問題は、「被写体ブレ」の解消と「明るさ」のどちらを優先するかということになるが、バドミントン競技の撮影においては、「被写体ブレ」の回避を最優先とし、露出不足は画像編集ソフトで補うというのが正解だ。ところが画像編集ソフトによる明るさ補正もやり過ぎると画質の悪化を招く。したがって、実際の撮影にあたっては、ISO感度、シャッタースピード、絞り、露出の諸パラメータを調和のとれた最適レベルに設定することがキモとなる。しかし、これらのパラメータの最適値は体育館の照明状況によって大きく変化するため値そのものにそれほど意味はなく、大切なのは適切な設定値を得るための手順であり、次にそれを示す。

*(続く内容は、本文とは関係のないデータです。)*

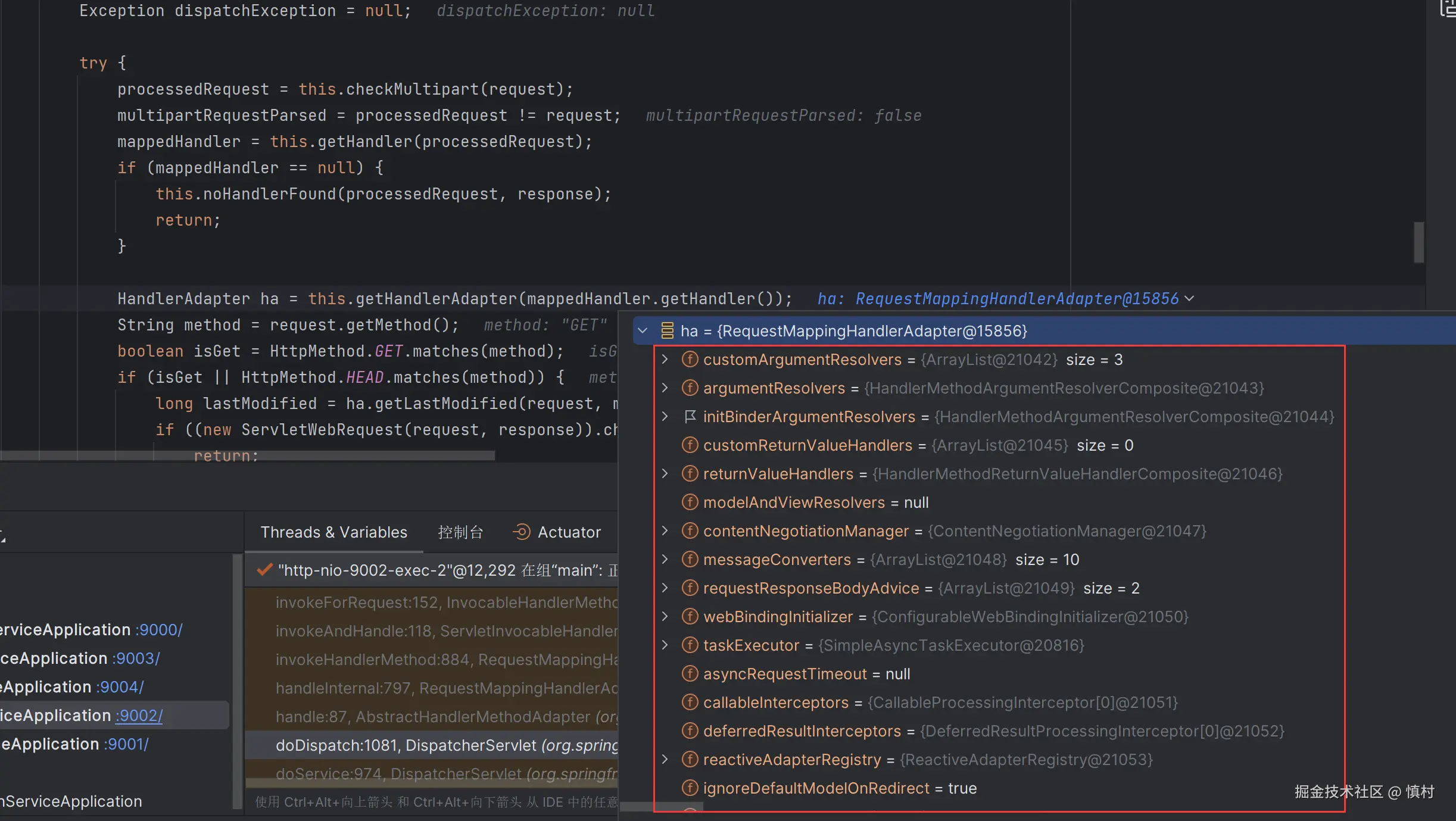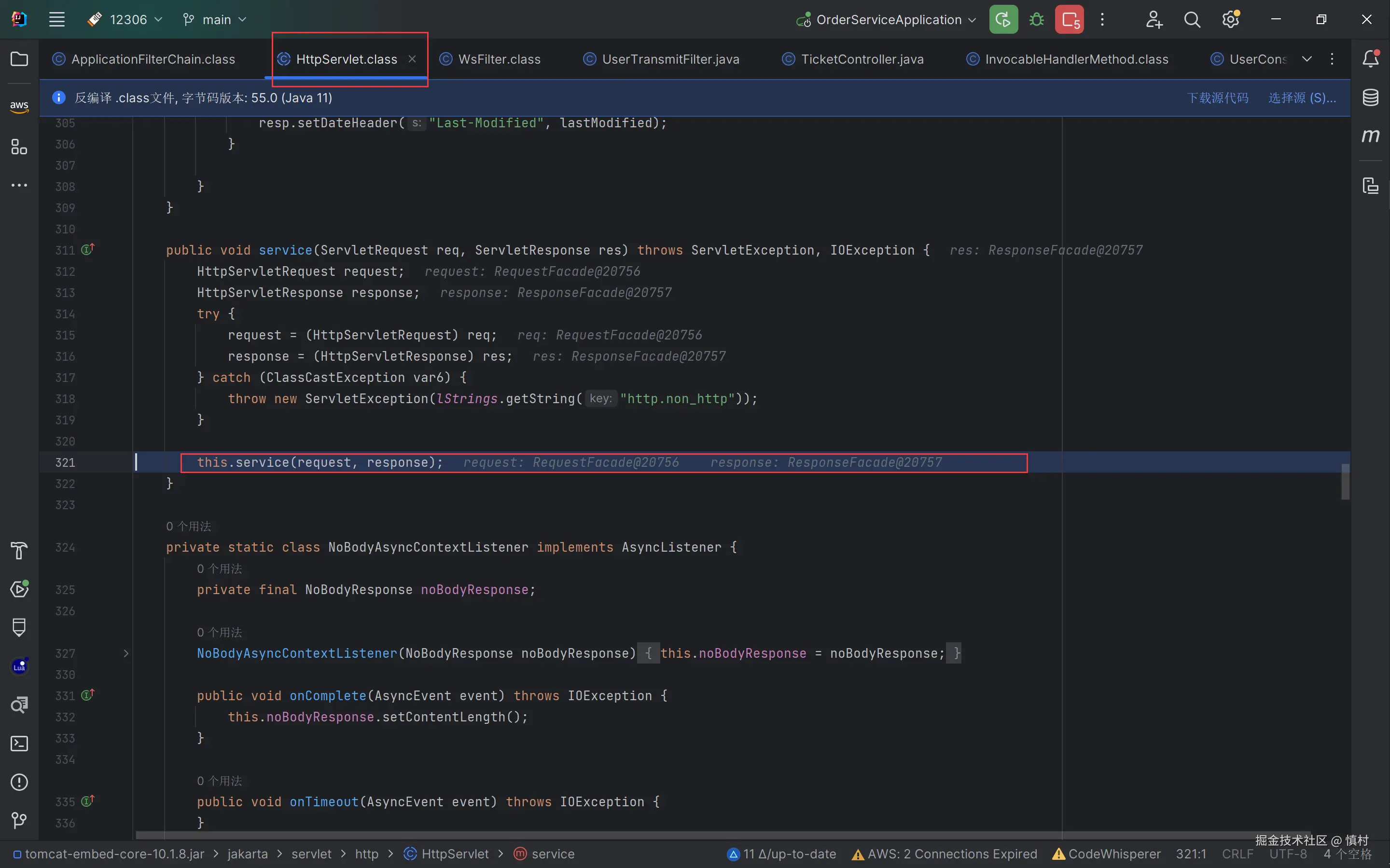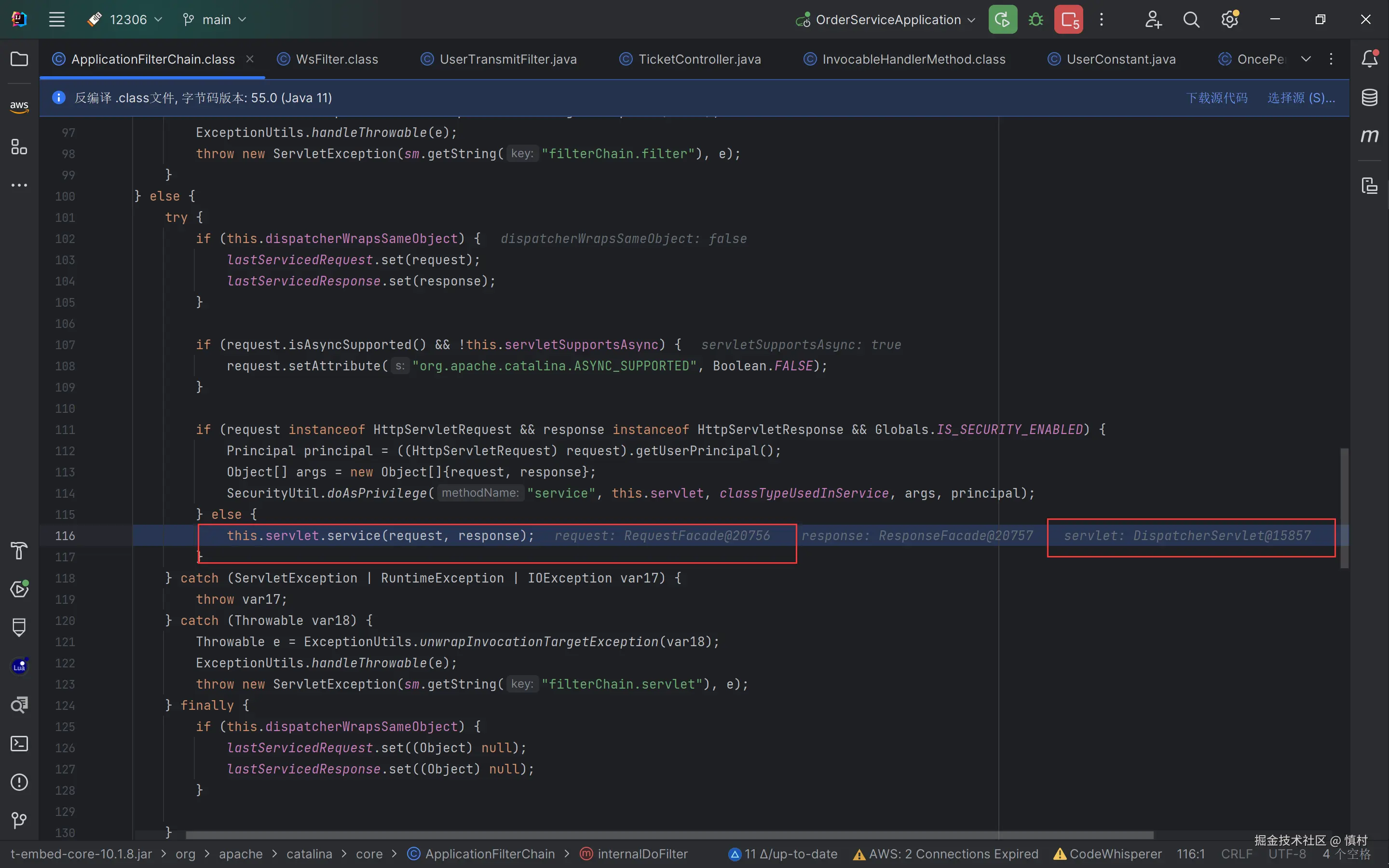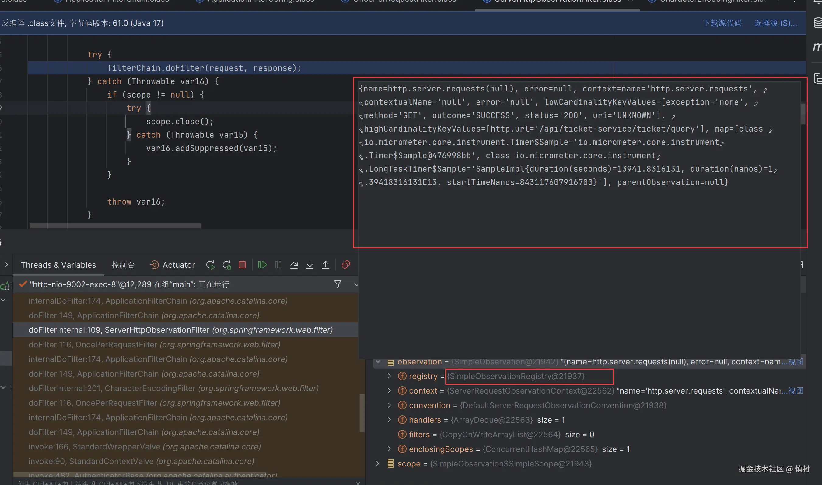 在此可以看到,线程命名为9002,是ticket接口的部分,调用了tomcat的线程池处理任务。tomcat的池子默认大小为10,核心线程数为10,最大线程数为200,ctl为RUNNING
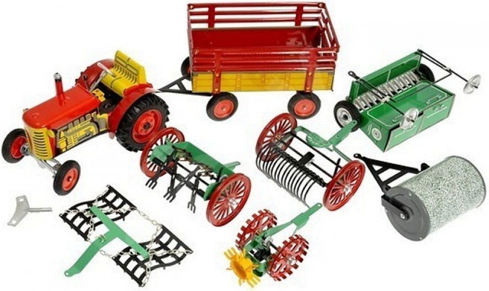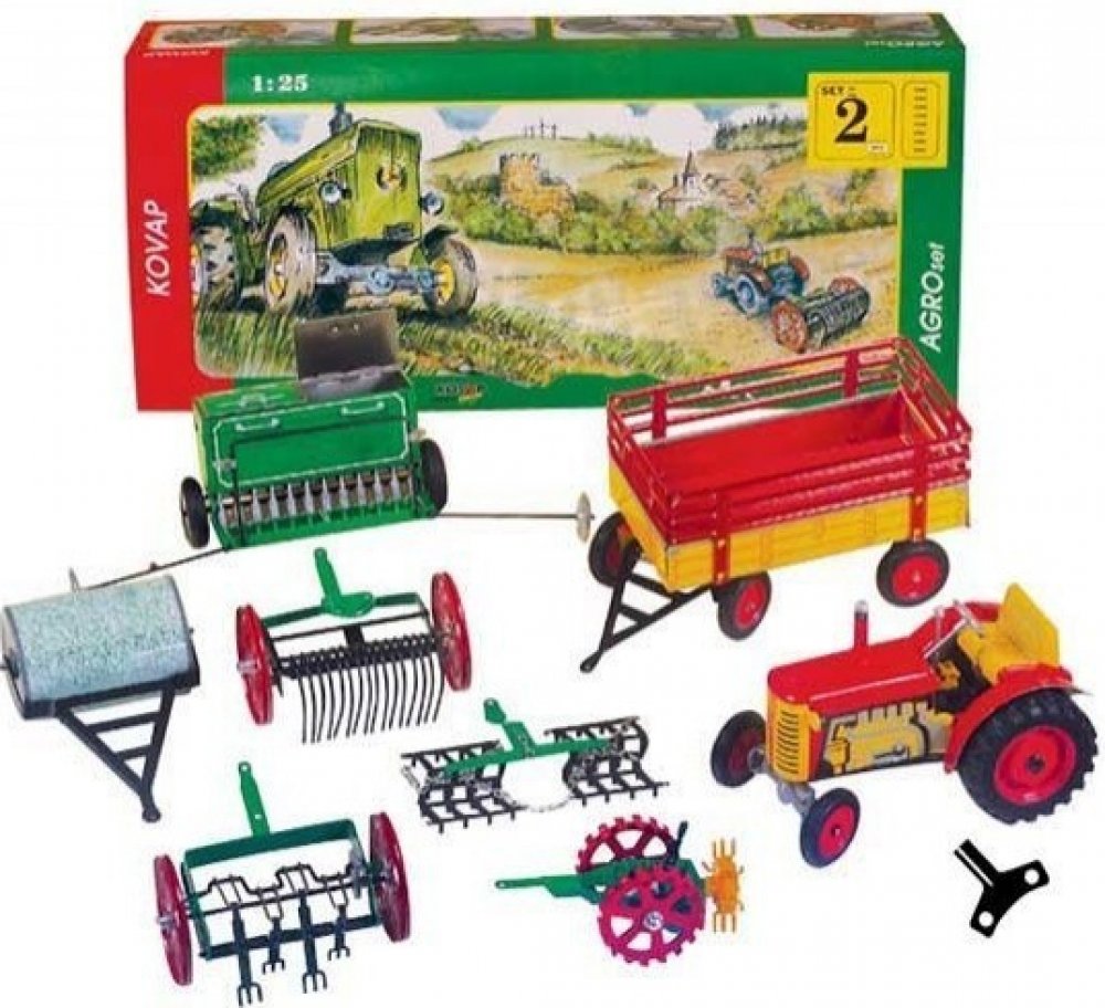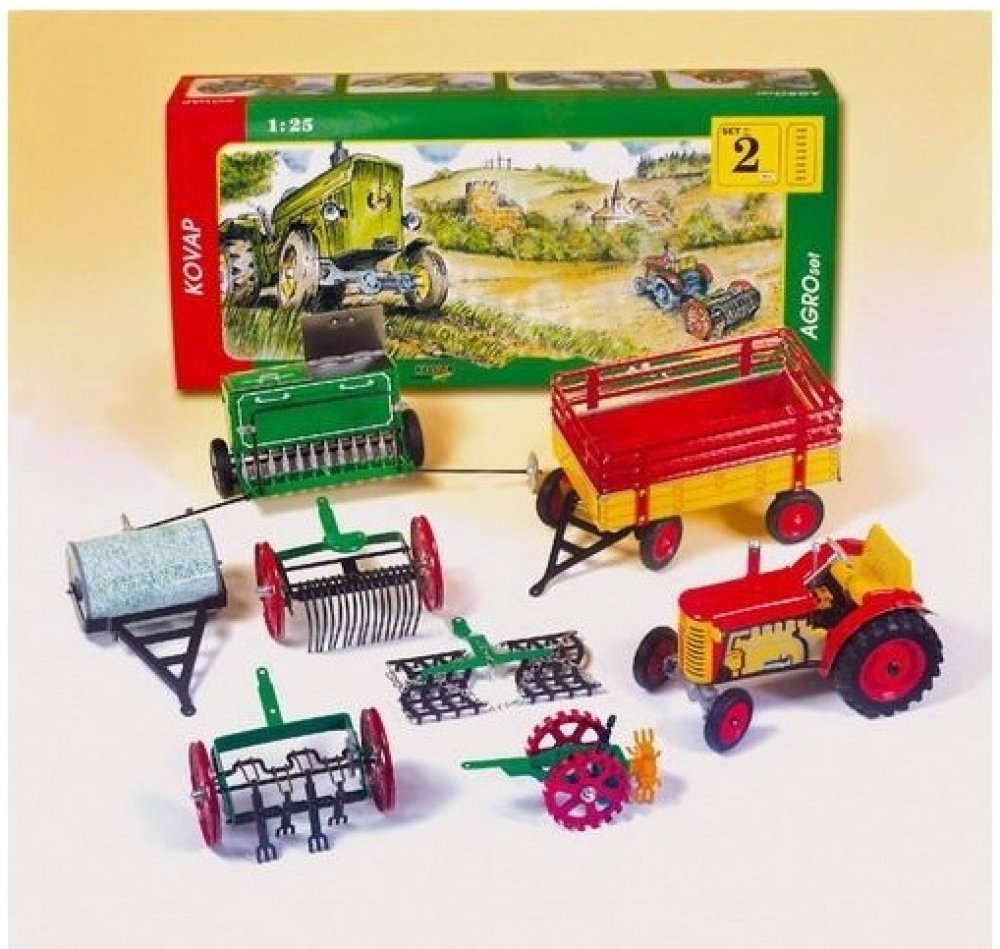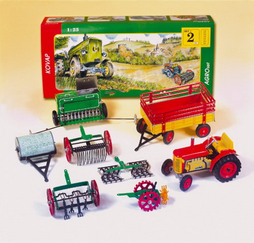Odolný krásně řemeslně zpracovaný plechový model traktoru Kovap s platovými koly a pohonem, který zajišťuje mechanický pérový strojek natahovaný klíčkem. Traktor má čtyřrychlostní převodovku. Disponuje třemi rozdílnými rychlostmi vpřed, zpátečkou a neutrálem. Je rovněž vybaven ruční brzdou. Traktor lze volantem skutečně řídit a navíc ho i zabrzdit ruční brzdou.

[手順1] ISO感度を画質的に我慢できる限界の高感度に設定する。高感度に設定すると画像の粒子感が強くなり、いわゆるザラついた写真になる。どこまで我慢できるかは撮影者の感覚しだいであるが、コンパクトデジカメでは400から800が限界と思われる。なお、撮像素子がAPS-Cサイズのデジタル一眼レフでは1600くらいまでは実用領域であり、フルサイズのフラッグシップクラスともなると3200以上でも問題ない品質を確保できるようである。

[手順2]シャッター優先モード(S)を選択し、シャタースピードを1/100秒~1/125秒に設定する。コートを激しく動き回る競技者の動きを止めるには、1/100秒では遅すぎるのだが、コンパクトデジカメの性能を勘案すると、このあたりのシャッタースピードで我慢しなければならない。当然、シャッターのタイミングもシビアになり失敗写真の確率も高まることから、とにかくジャンジャカ撮影することが大切である。筆者も1日400~500枚は撮影する。

[手順3]上記の手順を踏んで、さらにF値を小さく設定できる場合には、シャッタースピードを可能な限り高速側に設定する。例えば、1/100秒を1/160秒に再設定する。この状態で露出が適正範囲に入っているのなら設定作業は終わりである。しかし、暗い体育館ではシャッタースピードを1/100に設定しても露出不足となる場合がある。その時はパソコンの画像編集ソフトでの明るさ補正を前提に露出不足については観念しなければならない。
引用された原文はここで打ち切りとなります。